[Dataset entries — start]

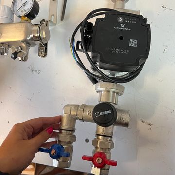 Isolation valves with gauges, Grundfos pump and thermostatic mixing set for Boiler fed systems.
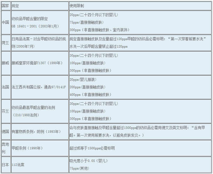 含甲醛的紡織品在穿著和使用過程中,部分未交聯(lián)的或水解產(chǎn)生的游離甲醛會釋放出來,對人體健康造成損害,因此,世界主要國家紛紛出臺相關(guān)的法規(guī)或強制標準,對產(chǎn)品的游離甲醛含量作了嚴格的限定。
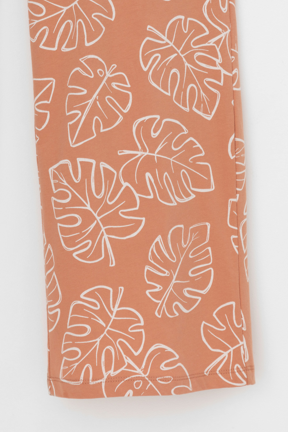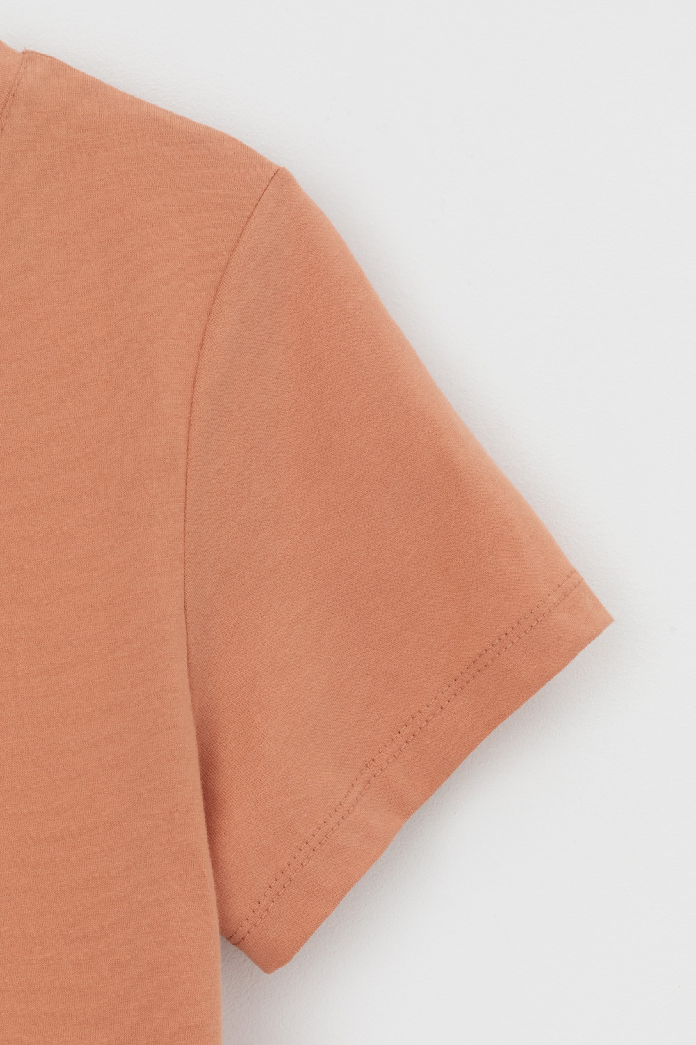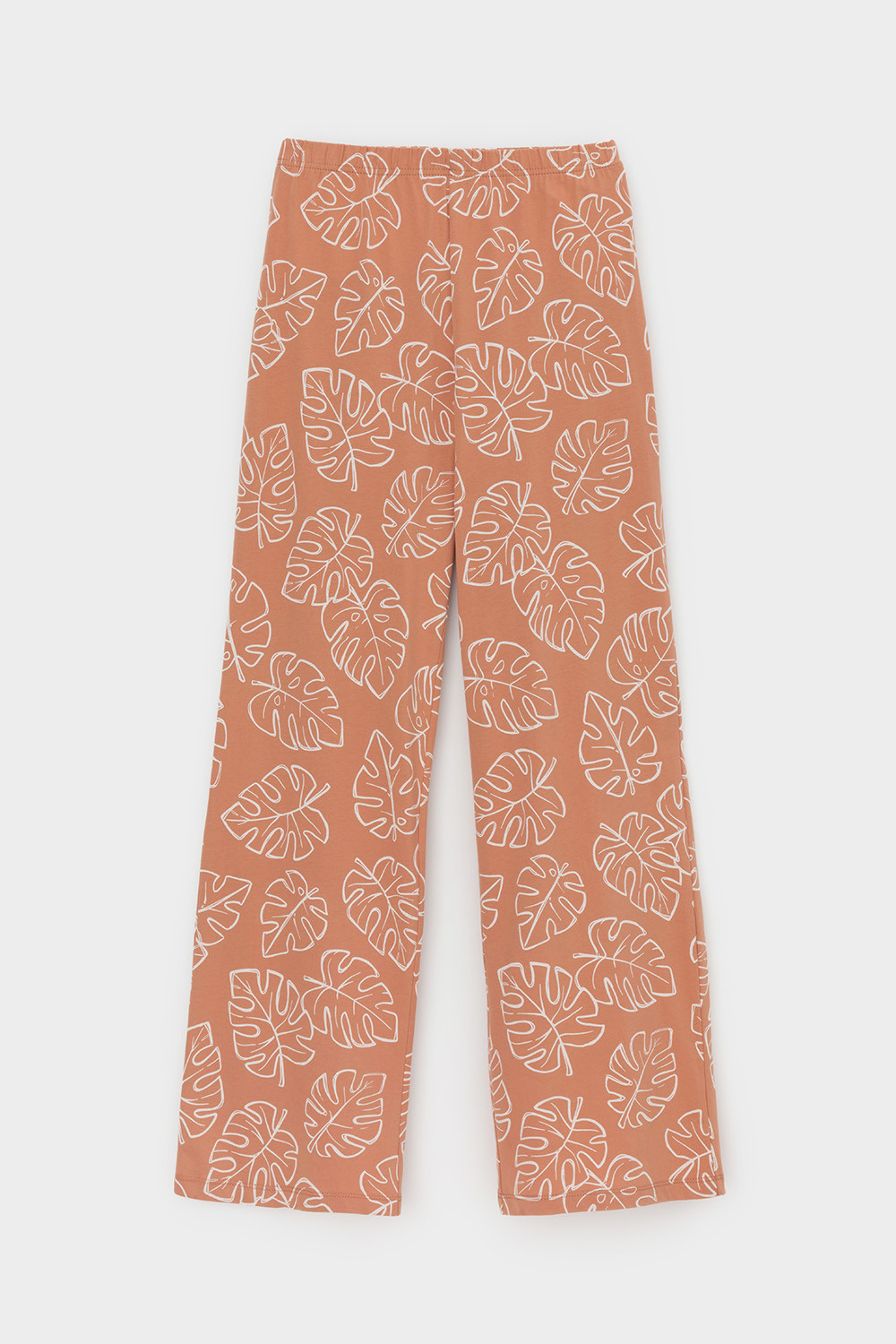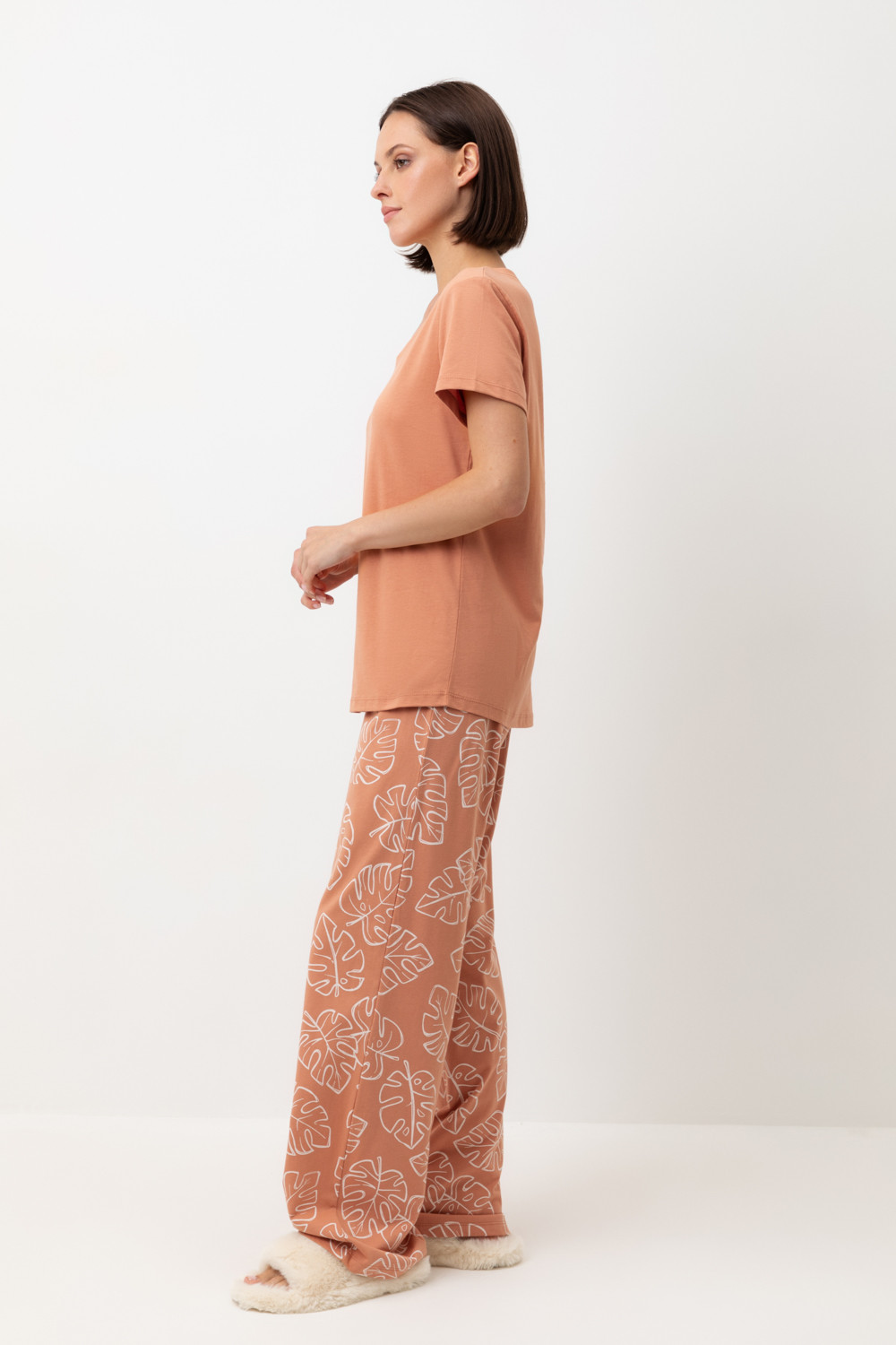Легкий комплект для комфортного сна и отдыха из натурального хлопка. Футболка с V-образным вырезом комфортно садится по фигуре.  Брюки с поясом на резинке выполнены из набивного трикотажа. Гладкий материал приятен к телу и позволяет коже дышать.
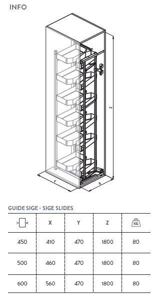 Колонна выдвижная, направляющие полного выдвижения SIGE, доводчик, 12 корзин из листового металла, шкаф 500мм
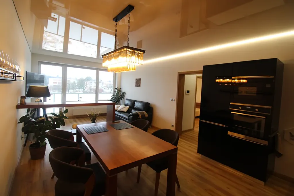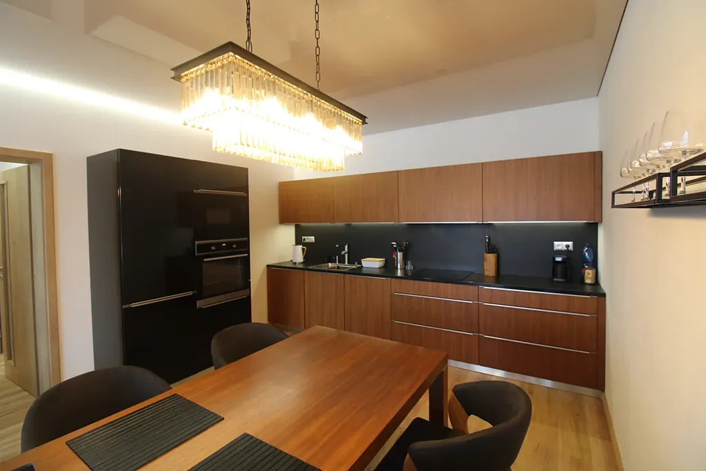 Interiér bytu je řešen v moderním designu a byt je kompletně zařízený nábytkem. Kuchyň je plně vybavena vestavěnými spotřebiči a disponuje mramorovou pracovní deskou. Veškeré vybavení, povrchy i sanita jsou zcela nové, odpovídající standardům novostavby.

[Dataset entries — finish]

--- Exercise objective ---
All entries above should be printed exactly, though without their pictures.

--- Answer for the task ---
 Isolation valves with gauges, Grundfos pump and thermostatic mixing set for Boiler fed systems.
 含甲醛的紡織品在穿著和使用過程中,部分未交聯(lián)的或水解產(chǎn)生的游離甲醛會釋放出來,對人體健康造成損害,因此,世界主要國家紛紛出臺相關(guān)的法規(guī)或強制標準,對產(chǎn)品的游離甲醛含量作了嚴格的限定。
Легкий комплект для комфортного сна и отдыха из натурального хлопка. Футболка с V-образным вырезом комфортно садится по фигуре.  Брюки с поясом на резинке выполнены из набивного трикотажа. Гладкий материал приятен к телу и позволяет коже дышать.
 Колонна выдвижная, направляющие полного выдвижения SIGE, доводчик, 12 корзин из листового металла, шкаф 500мм
 Interiér bytu je řešen v moderním designu a byt je kompletně zařízený nábytkem. Kuchyň je plně vybavena vestavěnými spotřebiči a disponuje mramorovou pracovní deskou. Veškeré vybavení, povrchy i sanita jsou zcela nové, odpovídající standardům novostavby.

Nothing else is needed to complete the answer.